Dasar Hukum Musyarakah


1.Dasar hukum musyarakah dalam Al-Qur'an
  • QS. Shad ayat 24:
"…Dan sesungguhnya kebanyakan dari orang-orang yang bersyarikat itu sebagian dari mereka berbuat zalim kepada sebagian lain, kecuali orang yang beriman dan mengerjakan amal shaleh; dan amat sedikitlah mereka ini…."
  • QS. al-Ma’idah [5]: 1:
“Hai orang yang beriman! Penuhilah akad-akad itu….” 

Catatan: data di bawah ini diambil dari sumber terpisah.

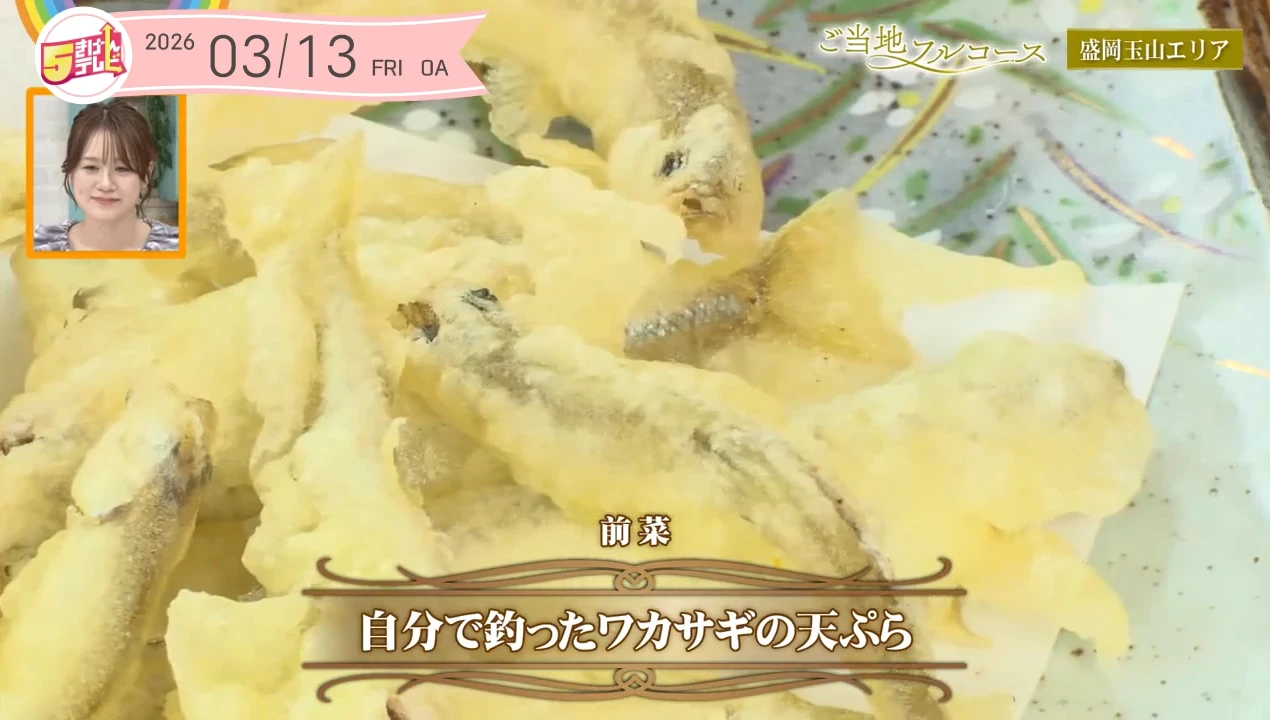ご当地フルコース in 玉山エリア、前菜は「自分で釣ったワカサギの天ぷら」です。

2. Dasar hukum musyarakah dalam al-hadist
  • Hadis riwayat Abu Daud dari Abu Hurairah, Rasulullah SAW berkata:
 “Allah swt. berfirman: ‘Aku adalah pihak ketiga dari dua orang yang bersyarikat selama salah satu pihak tidak mengkhianati pihak yang lain. Jika salah satu pihak telah berkhianat, Aku keluar dari mereka.” (HR. Abu Daud, yang dishahihkan oleh al-Hakim, dari Abu Hurairah).

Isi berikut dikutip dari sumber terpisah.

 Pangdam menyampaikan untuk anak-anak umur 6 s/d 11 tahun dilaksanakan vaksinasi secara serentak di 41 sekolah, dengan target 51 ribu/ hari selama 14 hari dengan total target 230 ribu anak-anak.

  •  Hadis Nabi riwayat Tirmidzi dari ‘Amr bin ‘Auf:
 “Perdamaian dapat dilakukan di antara kaum muslimin kecuali perdamaian yang mengharamkan yang halal atau menghalalkan yang haram; dan kaum muslimin terikat dengan syarat-syarat mereka kecuali syarat yang mengharamkan yang halal atau menghalalkan yang haram.” 
 
3. Taqrir Nabi terhadap kegiatan musyarakah yang dilakukan oleh masyarakat pada saat itu.
 
4. Ijma’ Ulama atas keboleh musyarakah.
 
5. Kaidah fiqh:
 “Pada dasarnya, semua bentuk muamalah boleh dilakukan kecuali ada dalil yang mengharamkannya.”